Why skip the local backup? Well, because the previous method, although secure, doesn't lend itself well to restores, since separate systems handle the backups versus the encryption As a result, to be able to restore a file, I would need to know the "when" of the file, then restore the entire backup for that system at that time, then mount that backup to be able to find the file, rather than being able to grab the one file I want. Not being able to see the names of files being restored can be quite painful. Having access to considerably more storage allows for a single system to perform both, while still being secure.
Storage
But how to get considerably more storage? In my case, I started using Microsoft 365, so would it be possible to mount a OneDrive drive in Linux? As it turns out: yes, albeit with caveats. Using rclone, it's possible to mount different cloud storage providers, including OneDrive. Installing it is as simple as you would expect:
To set up the connection, follow the appropriate instructions for your service on the documentation page. Pay attention to any additional notes for your service (for example, for Microsoft OneDrive, the notes regarding versioning and how to disable it).

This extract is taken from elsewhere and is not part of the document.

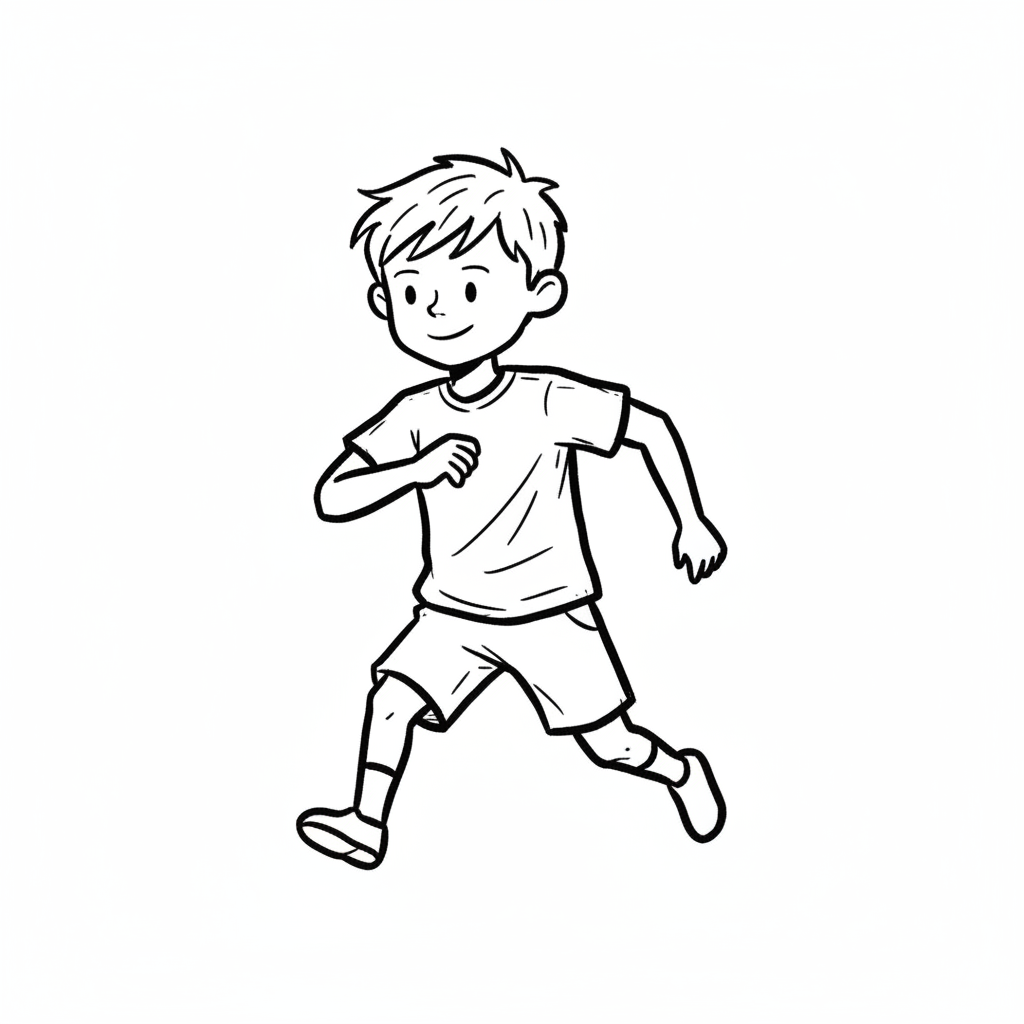 Ein Cartoon-Junge läuft fröhlich mit einem Lächeln.
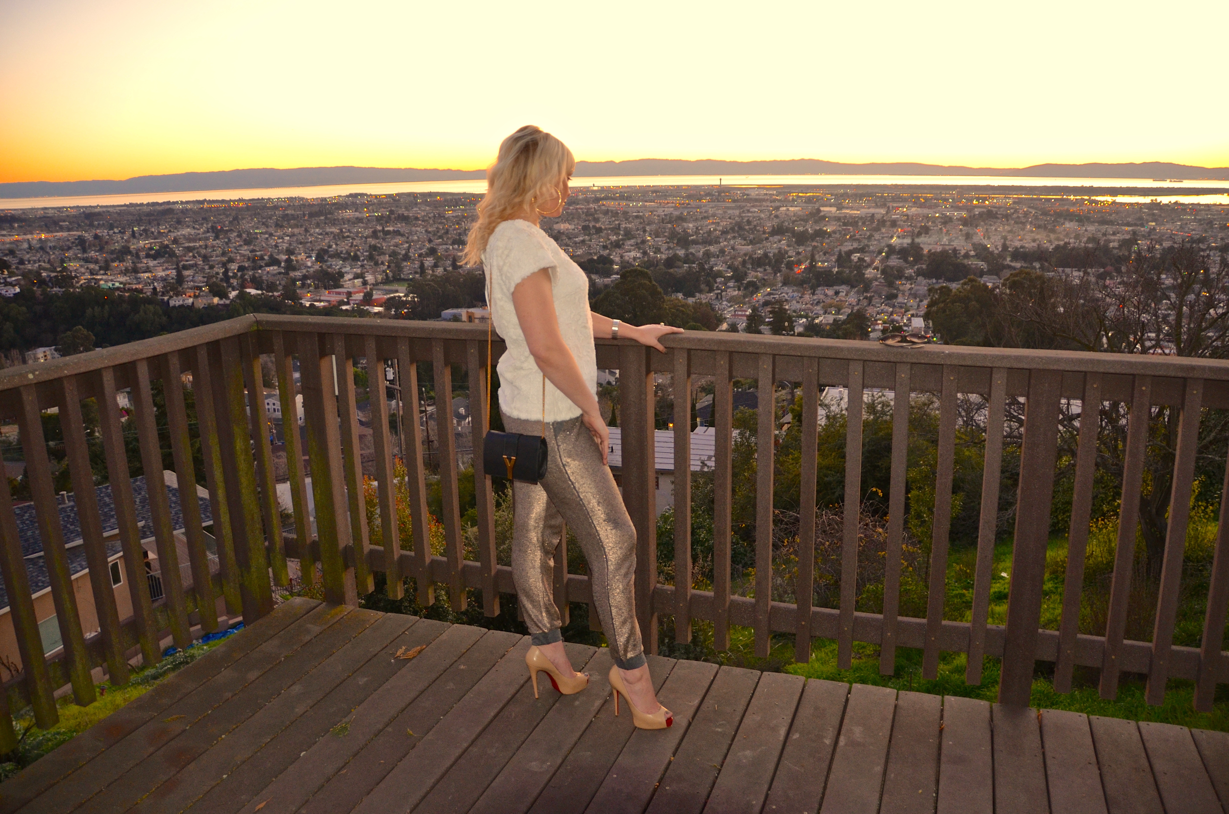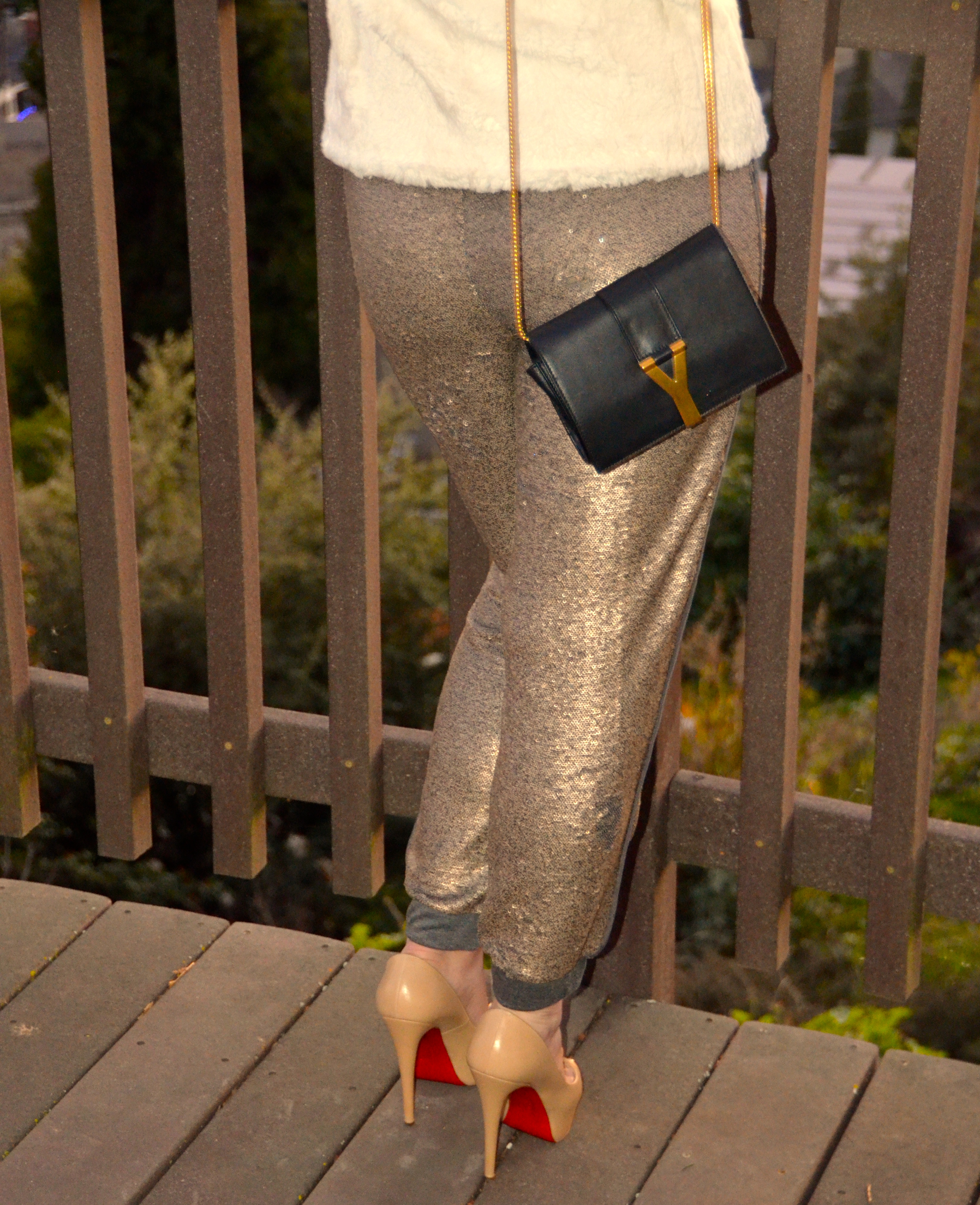 Of course I did an impromptu photo shoot (photo cred to my Mom) to show at least one outfit I wore on the trip. The first day was not super cold yet, so I wore my J Crew denim button down, Anthropologie sequin joggers (on sale now!), Charlotte Russe Booties, an Allsaints beanie (similar), Giorgio Armani lipstick and a Celine bag. It was laid back, but still luxe at the same time.

The difference here is that OneDrive is then mounted, so that the storage is streamed on an as-needed basis and is completely available. rclone doesn't have built-in fusermount support, though, so follow the instructions here to create /usr/local/bin/rclonefs. To mount on-boot, using the systemd approach is more reliable than the fstab approach, since it's possible to have the mount wait on network access.
There are a couple of caveats (i.e. things that don't work) about this approach:
- There is no file ownership - similar to SMB, all files are owned by a single user.
- There are no file permissions.
- There are no symlinks or hardlinks.
- 0-byte files can be deleted, but cannot be edited.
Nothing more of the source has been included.